_ACTIVITY:_ Below are the records; give again exactly the lines from the one containing "工业和信息化部办公厅关于印发《工业互联网和人工智能融合赋能行动方案》的通知" through the one containing "Фемибион | Выпускающийся", leaving out pictures.

_RECORDS SHOWN:_
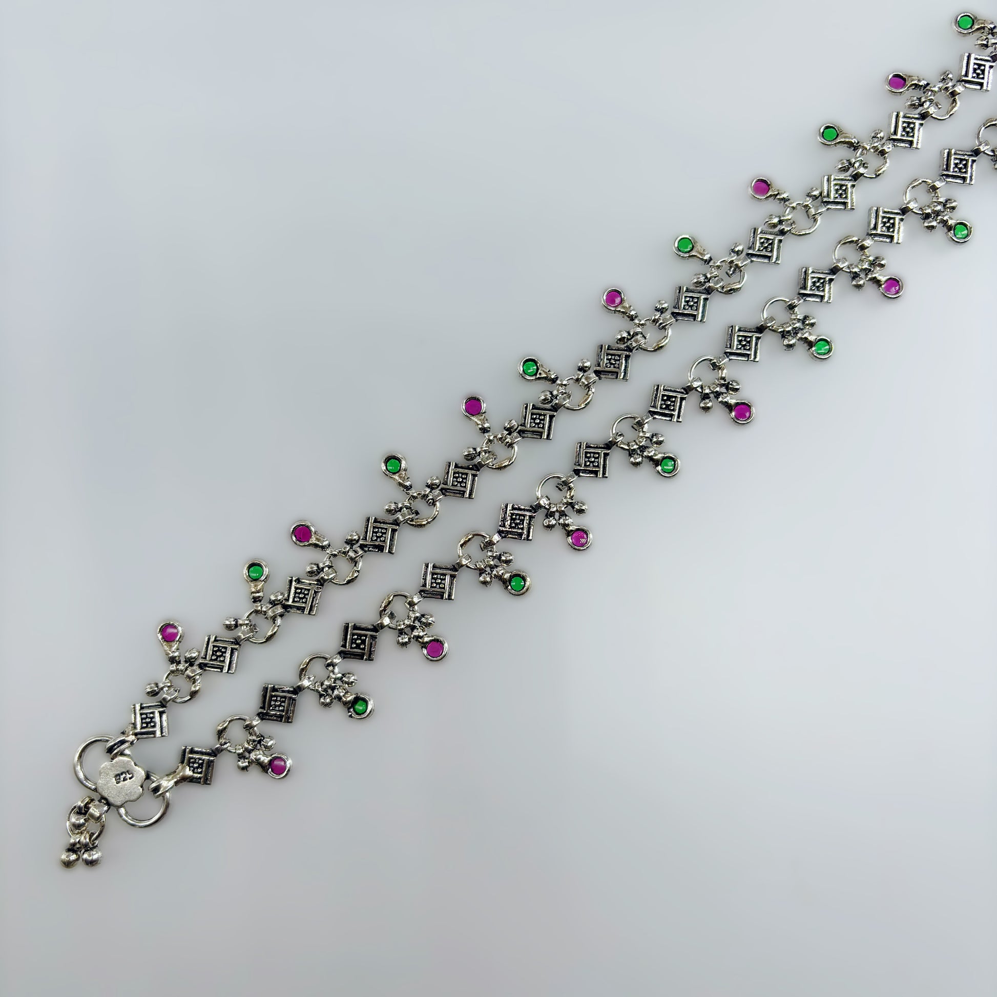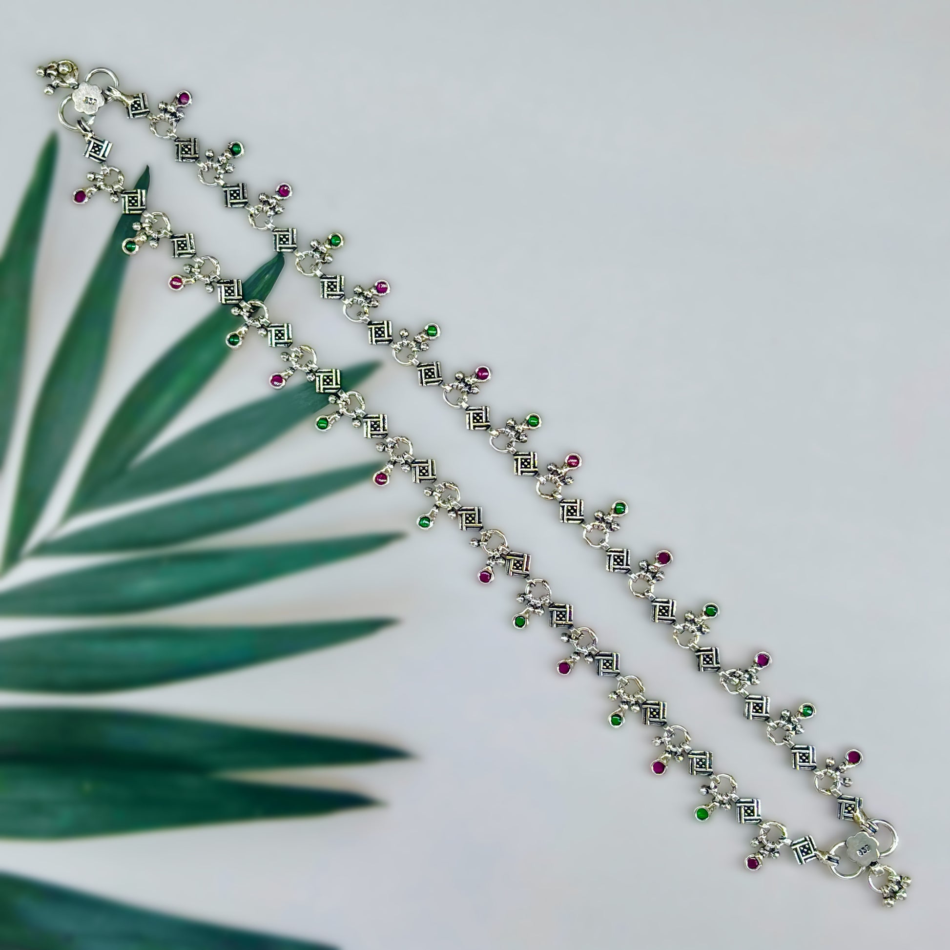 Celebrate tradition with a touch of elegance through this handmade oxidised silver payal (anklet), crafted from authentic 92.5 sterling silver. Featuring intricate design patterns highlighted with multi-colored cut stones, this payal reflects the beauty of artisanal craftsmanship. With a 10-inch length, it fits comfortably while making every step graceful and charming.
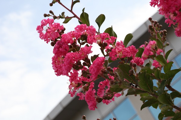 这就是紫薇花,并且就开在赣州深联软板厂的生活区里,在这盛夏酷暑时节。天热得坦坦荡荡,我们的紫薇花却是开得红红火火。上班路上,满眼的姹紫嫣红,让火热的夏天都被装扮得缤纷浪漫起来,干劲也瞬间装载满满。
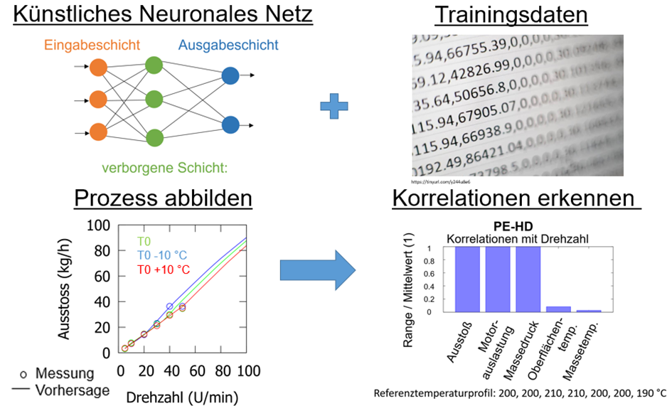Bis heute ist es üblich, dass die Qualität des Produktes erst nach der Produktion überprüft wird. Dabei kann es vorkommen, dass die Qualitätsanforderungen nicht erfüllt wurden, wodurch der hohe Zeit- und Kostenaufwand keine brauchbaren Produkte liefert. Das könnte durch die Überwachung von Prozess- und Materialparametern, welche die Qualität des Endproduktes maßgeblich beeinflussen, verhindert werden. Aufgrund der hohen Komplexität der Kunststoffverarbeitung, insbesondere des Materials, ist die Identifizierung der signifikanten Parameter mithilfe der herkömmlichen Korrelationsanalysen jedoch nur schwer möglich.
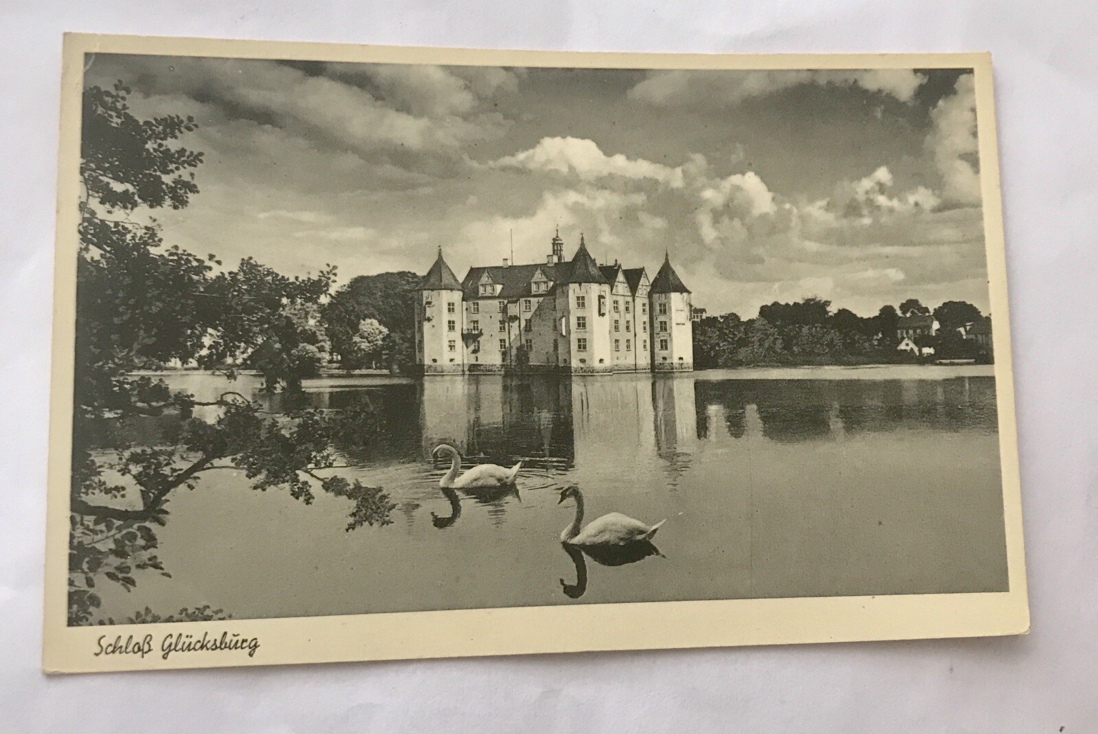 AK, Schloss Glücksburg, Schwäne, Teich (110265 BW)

...

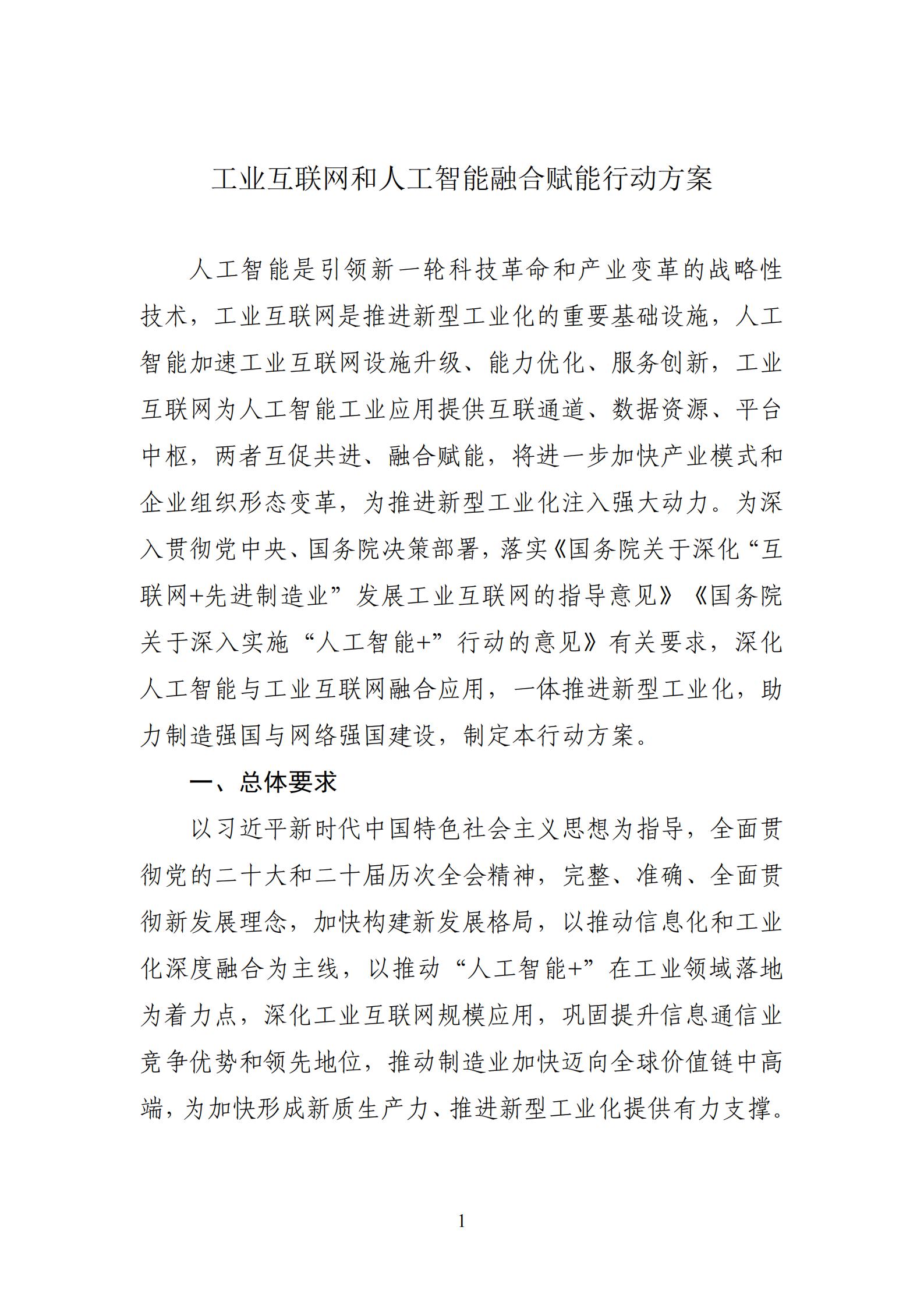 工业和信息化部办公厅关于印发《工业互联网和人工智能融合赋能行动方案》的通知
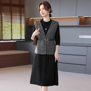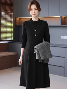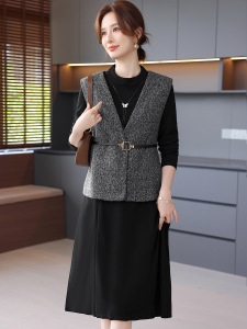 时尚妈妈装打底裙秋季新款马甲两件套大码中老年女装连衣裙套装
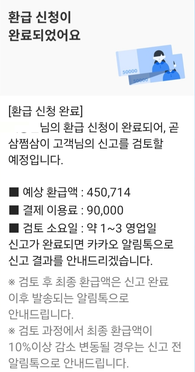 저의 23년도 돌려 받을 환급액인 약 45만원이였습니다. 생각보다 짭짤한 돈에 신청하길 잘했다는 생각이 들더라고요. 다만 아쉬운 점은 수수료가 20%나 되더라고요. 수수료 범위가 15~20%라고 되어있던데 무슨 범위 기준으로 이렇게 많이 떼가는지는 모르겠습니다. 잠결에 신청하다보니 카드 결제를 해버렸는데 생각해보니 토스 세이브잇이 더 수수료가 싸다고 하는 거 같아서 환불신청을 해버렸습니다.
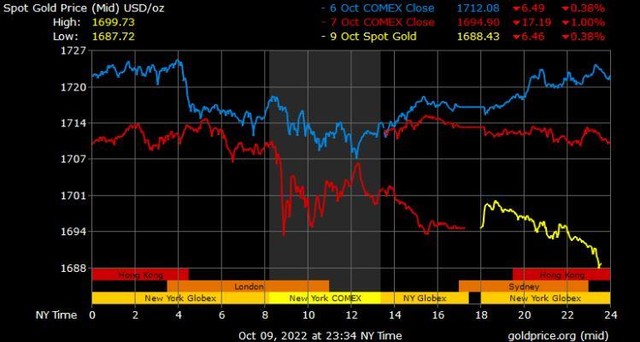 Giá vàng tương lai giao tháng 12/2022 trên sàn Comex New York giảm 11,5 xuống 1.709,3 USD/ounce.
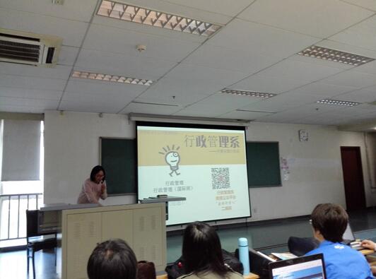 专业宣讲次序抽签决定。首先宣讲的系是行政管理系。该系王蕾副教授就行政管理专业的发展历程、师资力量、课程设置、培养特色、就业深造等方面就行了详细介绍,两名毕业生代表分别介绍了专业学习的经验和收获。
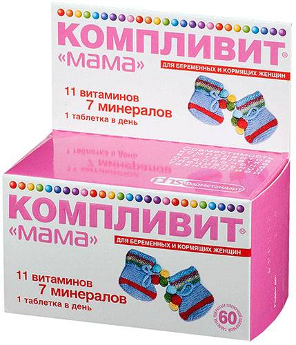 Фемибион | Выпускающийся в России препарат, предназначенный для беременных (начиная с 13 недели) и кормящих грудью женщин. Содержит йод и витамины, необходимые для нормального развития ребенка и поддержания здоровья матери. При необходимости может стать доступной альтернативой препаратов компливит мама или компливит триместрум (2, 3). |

==

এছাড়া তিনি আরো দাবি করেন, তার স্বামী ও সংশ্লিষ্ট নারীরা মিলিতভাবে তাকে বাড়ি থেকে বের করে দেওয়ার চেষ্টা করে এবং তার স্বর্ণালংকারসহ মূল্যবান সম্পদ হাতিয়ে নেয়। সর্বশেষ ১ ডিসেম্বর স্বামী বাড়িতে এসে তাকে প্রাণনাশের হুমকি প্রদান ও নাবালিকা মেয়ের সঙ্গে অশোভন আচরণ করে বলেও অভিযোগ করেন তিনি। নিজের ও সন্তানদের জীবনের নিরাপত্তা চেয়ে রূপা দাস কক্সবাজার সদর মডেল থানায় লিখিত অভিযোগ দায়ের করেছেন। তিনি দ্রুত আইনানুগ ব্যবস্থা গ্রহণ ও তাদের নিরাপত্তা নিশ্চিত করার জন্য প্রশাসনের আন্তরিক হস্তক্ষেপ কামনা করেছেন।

_SOLUTION:_
 工业和信息化部办公厅关于印发《工业互联网和人工智能融合赋能行动方案》的通知
 时尚妈妈装打底裙秋季新款马甲两件套大码中老年女装连衣裙套装
 저의 23년도 돌려 받을 환급액인 약 45만원이였습니다. 생각보다 짭짤한 돈에 신청하길 잘했다는 생각이 들더라고요. 다만 아쉬운 점은 수수료가 20%나 되더라고요. 수수료 범위가 15~20%라고 되어있던데 무슨 범위 기준으로 이렇게 많이 떼가는지는 모르겠습니다. 잠결에 신청하다보니 카드 결제를 해버렸는데 생각해보니 토스 세이브잇이 더 수수료가 싸다고 하는 거 같아서 환불신청을 해버렸습니다.
 Giá vàng tương lai giao tháng 12/2022 trên sàn Comex New York giảm 11,5 xuống 1.709,3 USD/ounce.
 专业宣讲次序抽签决定。首先宣讲的系是行政管理系。该系王蕾副教授就行政管理专业的发展历程、师资力量、课程设置、培养特色、就业深造等方面就行了详细介绍,两名毕业生代表分别介绍了专业学习的经验和收获。
 Фемибион | Выпускающийся в России препарат, предназначенный для беременных (начиная с 13 недели) и кормящих грудью женщин. Содержит йод и витамины, необходимые для нормального развития ребенка и поддержания здоровья матери. При необходимости может стать доступной альтернативой препаратов компливит мама или компливит триместрум (2, 3). |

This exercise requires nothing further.